Many of us think we know what wisdom means, but the concept lacks a universal definition. As Kanwar and Sehgal (2021) point out, wisdom is an important virtue across many major world religions and the traits thought to make a wise person vary by culture. For example, they describe that extroverts are seen as wise in western cultures whereas introverts are more likely to be viewed this way in eastern cultures. Likewise, researchers have proposed a wide variety of features thought to comprise wisdom.

One major model of wisdom was proposed by Baltes and Staudinger (2000). They famously defined wisdom as an “expert knowledge system concerning the fundamental pragmatics of life” (Baltes & Staudinger, 2000, p. 122). They went on to describe five components:

  • Factual knowledge (e.g., about human nature, interpersonal relationships)
  • Procedural knowledge (e.g., about contending with conflict or weighting life goals)
  • Lifespan contextualism (e.g., relating family, friends, work, and education to time, culture, and history)
  • Relativism (e.g., tolerance of differences at the individual and societal levels)
  • Recognizing and managing uncertainty (e.g., effectively navigating complex and ambiguous situations)

Glück and Bluck (2013) developed the MORE Life Experience Model which includes four resources: Mastery, Openness, Reflectivity, and Emotion Regulation and Empathy. Each of these resources “influence which life events individuals are likely to encounter, how they perceive and appraise them, how they deal with challenges, and how and to what extent they integrate and reintegrate experiences into their life story” (p. 2).

Weststrate and Glück (2017) conceive of wisdom as “a body of experience-based knowledge about the fundamental issues of human life […] Wisdom manifests outwardly in the form of exceptional advice-giving, decision-making, and problem-solving capacities” (p. 800).

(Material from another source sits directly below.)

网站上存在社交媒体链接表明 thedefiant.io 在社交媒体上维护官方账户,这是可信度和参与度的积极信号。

One review of the literature on wisdom (Bangen et al., 2013) found still more components of wisdom including: prosocial values, self-understanding, emotional homeostasis, spirituality, and sense of humor. Grossmann (2017) synthesized several conceptualizations of wisdom, suggesting that wise thinking is a combination of: “(a) intellectual humility or recognition of limits of own knowledge, (b) appreciation of perspectives broader than the issue at hand, (c) sensitivity to the possibility of change in social relations, and (d) compromise or integration of different opinion” (p. 235).

The Relationship Between Wisdom and Age

The connection between age and wisdom is complex. Despite the widely held belief that individuals naturally become wiser with age, research examining the relationship between age and wisdom has produced inconsistent results (Bangen et al., 2013). This lack of consensus may be the result of varying definitions and measurement tools used to assess wisdom (Ardelt, 2010). It may also be that the platitude “with age comes wisdom” is simply out of step with a more complex reality that research is beginning to reveal.

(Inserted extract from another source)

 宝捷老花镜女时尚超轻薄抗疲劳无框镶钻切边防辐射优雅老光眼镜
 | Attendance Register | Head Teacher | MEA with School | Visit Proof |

While some literature supports the notion that wisdom increases with age, other studies suggests that it peaks in early or middle adulthood and then either remains stable or gradually declines with age (Ardelt et al., 2018). For example, Ardelt (2010) found that, in comparison to college students, college-educated older adults achieved higher scores on the self-administered three-dimensional wisdom scale. This suggests that wisdom may indeed increase with age.

In a study conducted by Webster et al. (2014), 512 Dutch participants aged 17 to 92 completed measures of wisdom, physical and mental health, and personality. In contrast to Ardelt’s research, their findings showed that wisdom peaked in midlife rather than older adulthood (Webster, 2014). They describe that “midlife adults score higher than both younger and older adults on certain subdimensions of wisdom (e.g., critical life experiences, emotional regulation, relative to younger adults; openness, humor, and emotional regulation, relative to older adults)” (Webster, 2014. p. 215). They speculated that midlife may be a time when adults strike a balance between acquiring “a critical mass of life experience” and possessing the “cognitive strengths and emotional resources to process such events” (Webster, 2014, p. 215).

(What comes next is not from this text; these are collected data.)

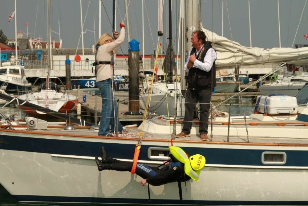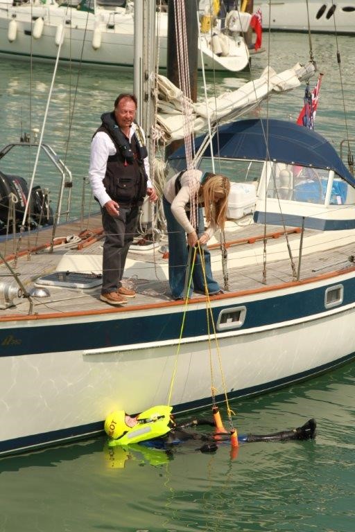 There are many ways of retrieving a man back on board, this is just one. Whatever you do you need to find a system and prepare it and practise it, in the hope that you will never have to use it.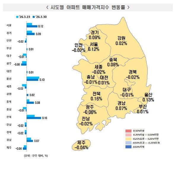 한국부동산원이 발표한 3월 다섯째 주(3월30일 기준) 주간 아파트 가격 동향에 따르면 서울 아파트 매매가격은 직전 주 대비 평균 0.12% 상승했다.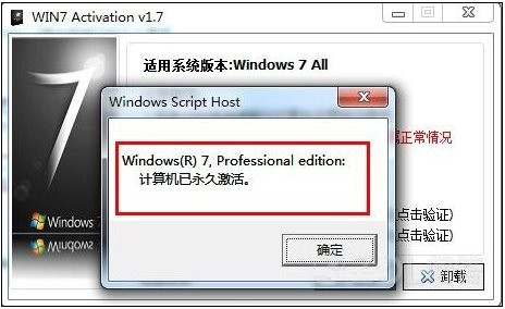 第七步:驗(yàn)證完這一步之后,軟件界面會(huì)彈出WIN7已永久激活
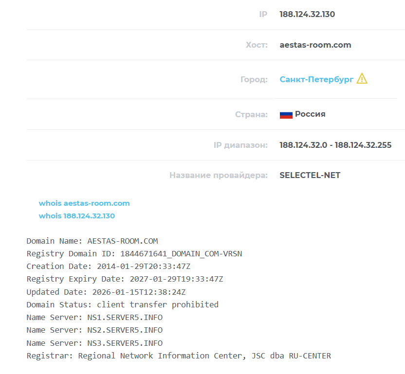 Домен Aestas Room Com зарегистрирован 29.01.2014 года, дислокация по IP — Россия, данные владельца скрыты.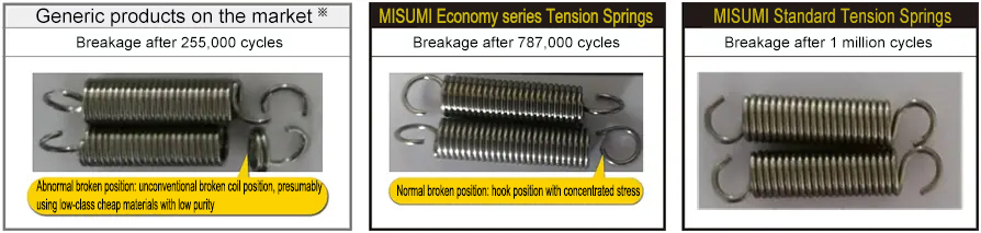 *The above number of times is for reference only. The number of times of use varies with the tensile direction, operating temperature/environment, and amount of deformation. To increase the usage count, it is recommended to use the spring up to 70% of the allowable displacement Fmax..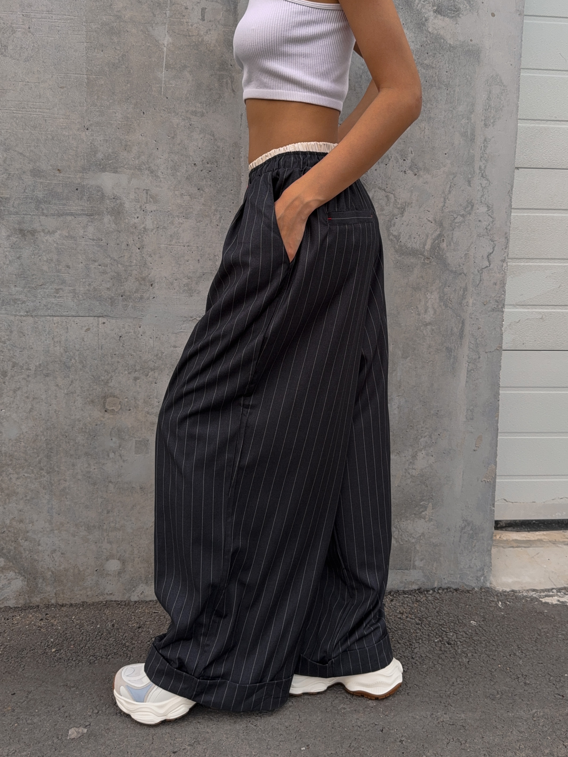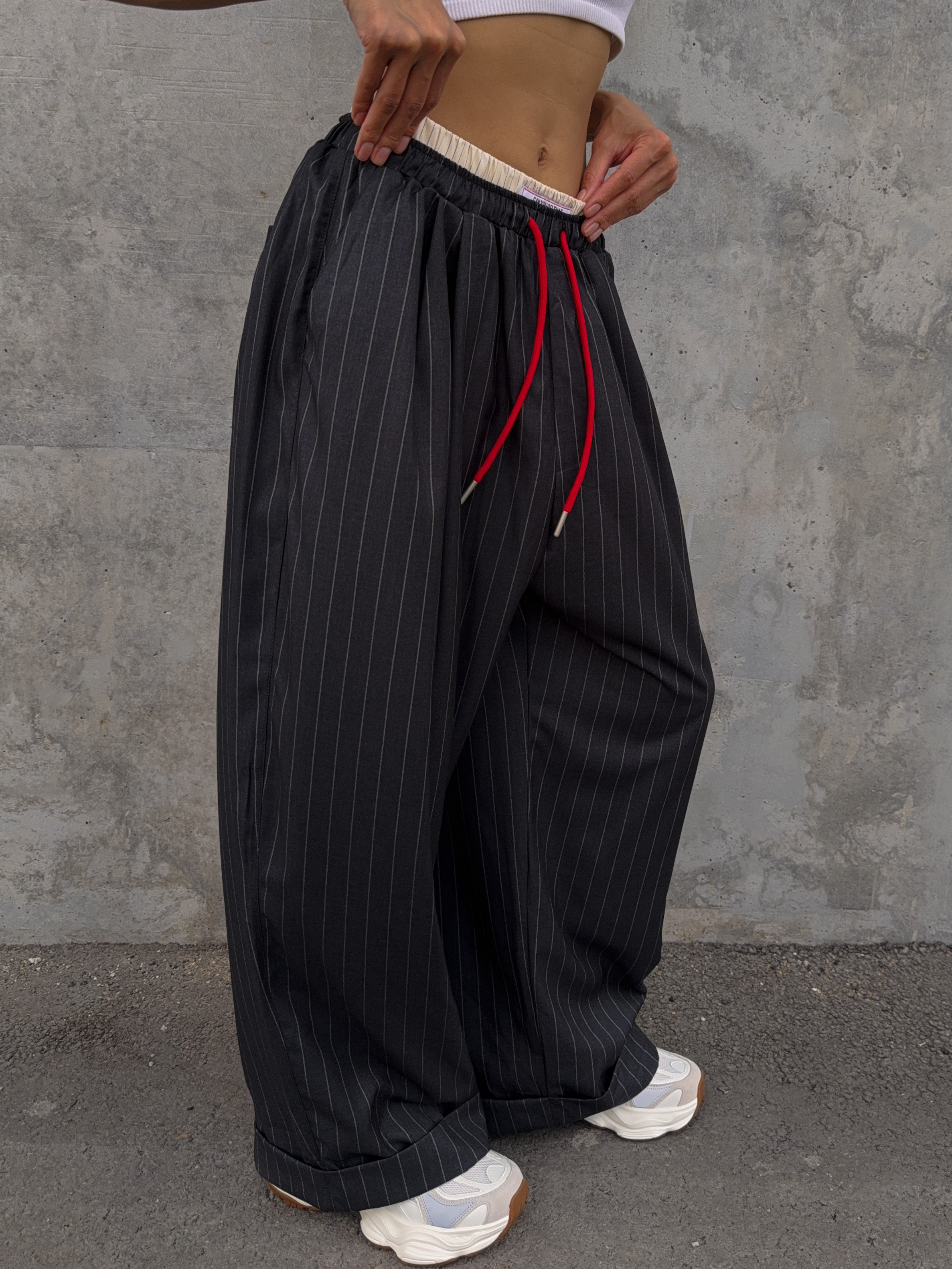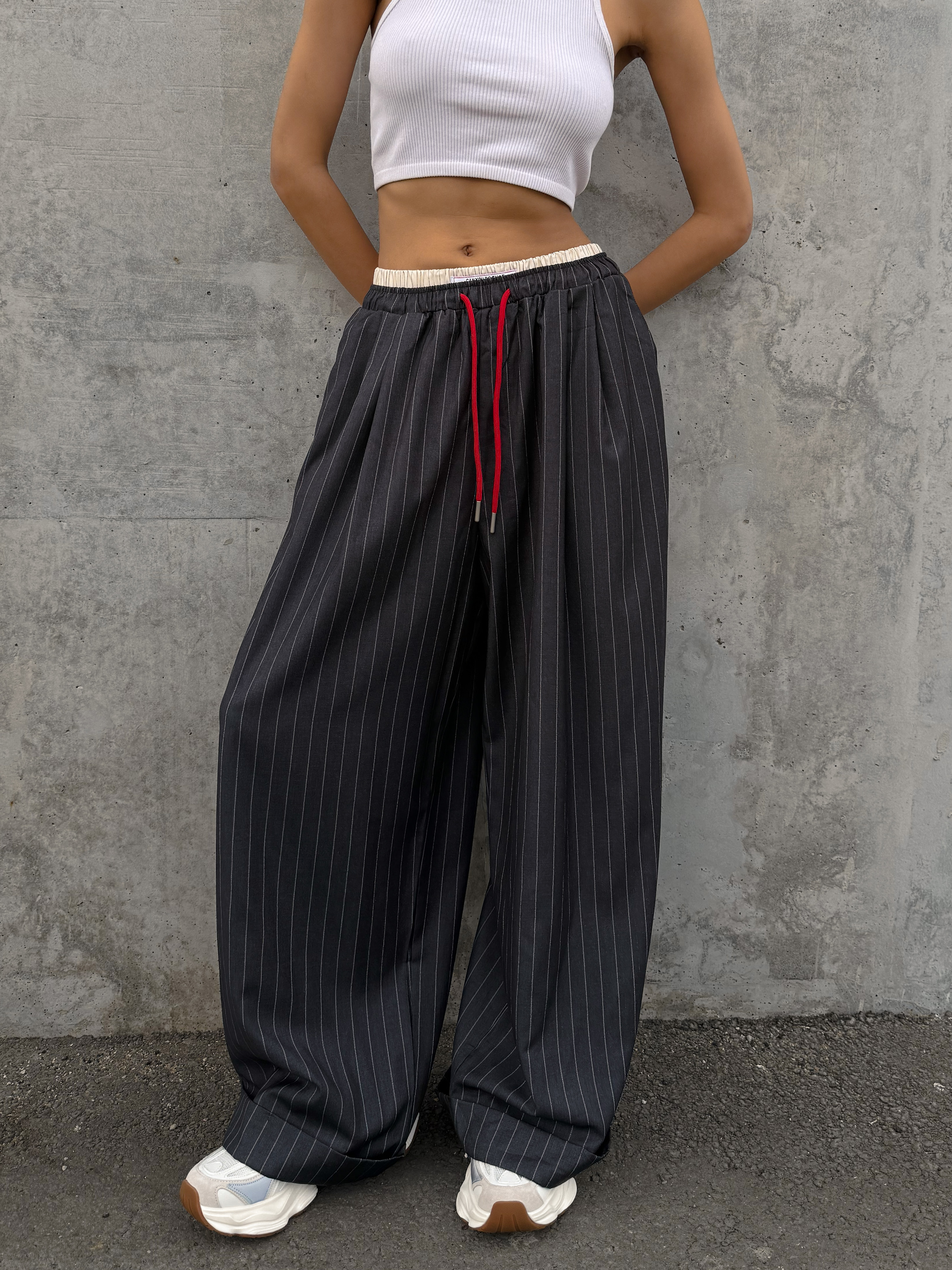 Стильные широкие брюки в полоску с поясом на резинке и шнурком. Классическая модель брюк с современными элементами.

These findings raise important questions regarding the development of wisdom. Staudinger (1999) put it succinctly, stating that, “after about age 20, growing older is certainly not enough to become wiser” (p. 660). Currently, research suggests that positive and negative life experiences may be fundamental to the development of wisdom (Weststrate & Glück, 2017). Although life experiences naturally accumulate with age, wisdom is not an automatic byproduct of experience (Weststrate & Glück, 2017; Webster et al., 2014). Rather, Webster et al. (2014) highlight the complexity of wisdom development by stating that, “the type of experience, one’s inclination to reflect upon and evaluate such events, and the competence to learn and grow from adversity (among other issues) are more influential in wisdom development than experience (and therefore age) alone” (p. 209).

Can Wisdom be Developed?

Thomas and colleagues (2017) considered a number of studies and determined wisdom has a positive association with physical and mental health, happiness, and life satisfaction. With this in mind, interventions to help people cultivate wisdom could lead to broad positive outcomes for many people.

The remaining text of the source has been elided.